First and foremost, when you make the general announcement, banish the words "nothing will change" from your vocabulary. Even if you add caveats like "immediately" or "in the foreseeable future" or "in the next three months" you are already wrong. Lots of things change out of necessity, but some basics that need answering: is everyone being paid on the same cycle? How is my last paycheck getting paid out? Do the benefits carry over? What do review cycles look like? What are the retirement matching benefits like? What is my new reporting structure?
These are just top-of-the-brain questions, but there's proof that there are huge and immediate changes. It's even worse when the acquirer is unprepared to answer these questions. I was finding it darkly comic to know that during an M&A, the Acquirer and Acquisition had the exact same retirement benefits manager, using the same percentage matching scale, with the same default fund selection, but instead of making it easy to roll over the benefits, the provider was required to issue a paper check that the beneficiary would have to sign and release back over to the provider to deposit to the new account.
Second, make sure there is a plan, that the HR resources supporting the M&A are drilled on it, and that the knowledge of how people will land in the new organization is both well thought out and well disseminated. Do not carry over people that will get axed in 90 days without warning them that their jobs may be redundant; treat them as human beings that need to provide for themselves and possibly their families.

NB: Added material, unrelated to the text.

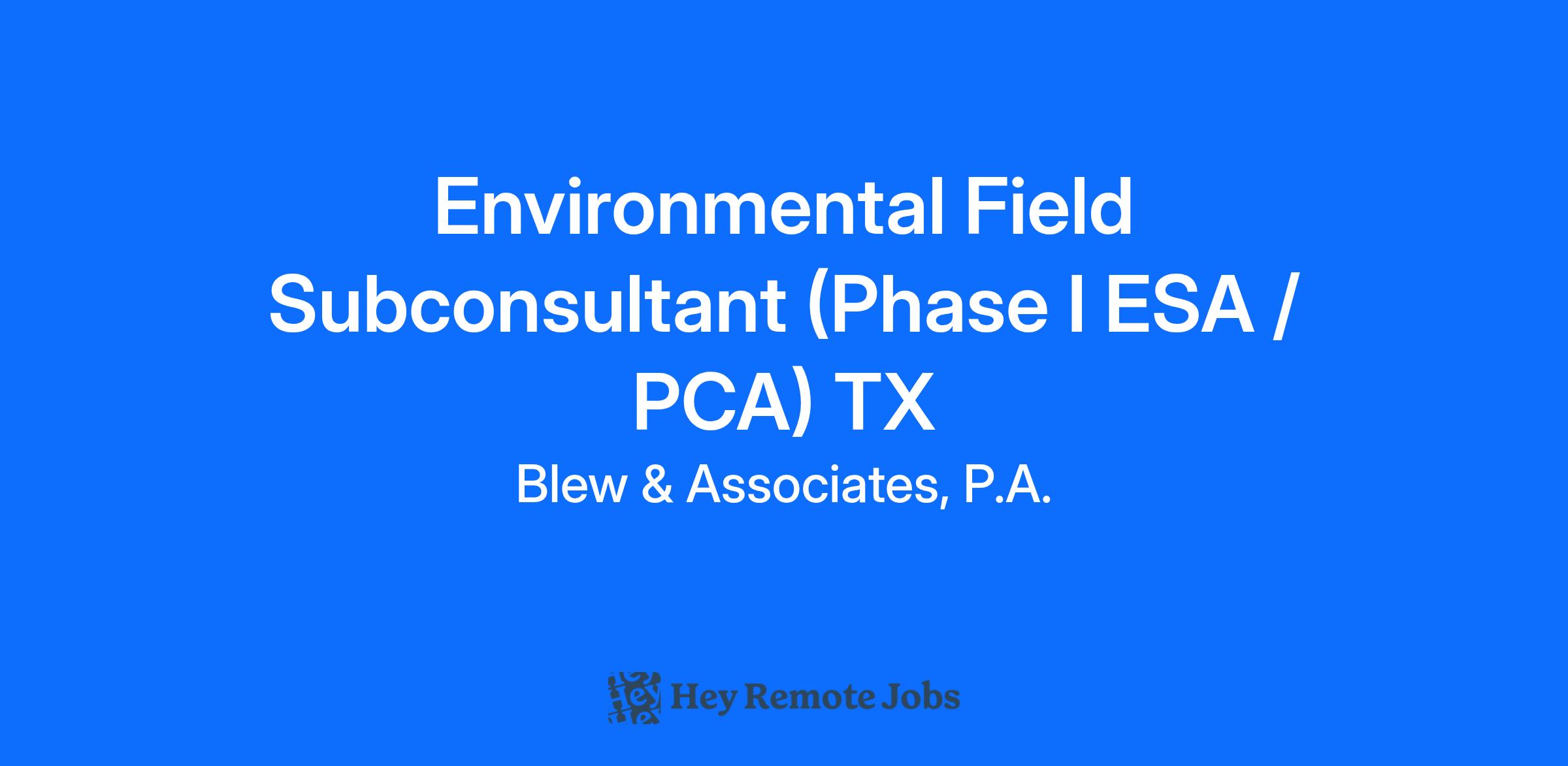- Familiarity with industry standards (ASTM for ESA, or PCA guidelines).

Certainly do this with a modicum of decor.
If morale is low immediately during and following the M&A process, imagine what it would be like if your HR person calls a manager, senior manager, or junior executive in to a huddle room or the HR office and tells them, a week or two after the merger is complete that they need to justify their job and identify where it fits in the new org because the job they have is redundant. And, oh yeah, that person's entire team needs to do the same thing because otherwise they will not have employment with the Acquirer in the long term. Think about what that says when two weeks prior everyone was told "nothing will change in the next few months."
If this were me, I'd be looking at an employment lawyer for assistance right away, and I may have suggested that for the person that it happened to as well.
Third, do your research. If the M&A is onboarding a technology stack that is new, but has similarities to one already in play (driving the M&A), do not assume that solutions for one will be the same for the other. If tools were discarded, understand why rather than just ignoring the decisions made. Work on integration - not just stomping on one side or the other backed solely by the phrase "we do it this way."
It is completely possible that the solution might work for both parties, but without taking the time to understand the decision process and the ultimate outcome, it is both reckless and demoralizing for the party whose decisions and possibly expertise get thrown out the window. The expectation that all technology solutions are "one-size-fits-all" is a ridiculous one and the main driver behind such a varied landscape when it comes to technology - one solution does not fit every situation and the expectation that it will could be a very costly mistake.
Finally, be understanding. Rapid upheaval and change is a stress-maker, and stress increases health issues, reduces productivity, and can greatly impact communication even among strong, closely knit teams. When those teams are in lock-step driving towards some sort of goal, any one of the problems stated previously, and even more that I have not touched on, can drive an entire organization to disaster as that stress multiplies due to those bonds.
I have no doubt that the road to fast-paced M&As with abbreviated discovery periods are often well intentioned, but I also think many people know what roads are paved with good intentions, and why they should not be taken. It is not positive or profitable to end up with a new division, new employees, or new products where the people responsible are highly stressed at best and resentful at worst.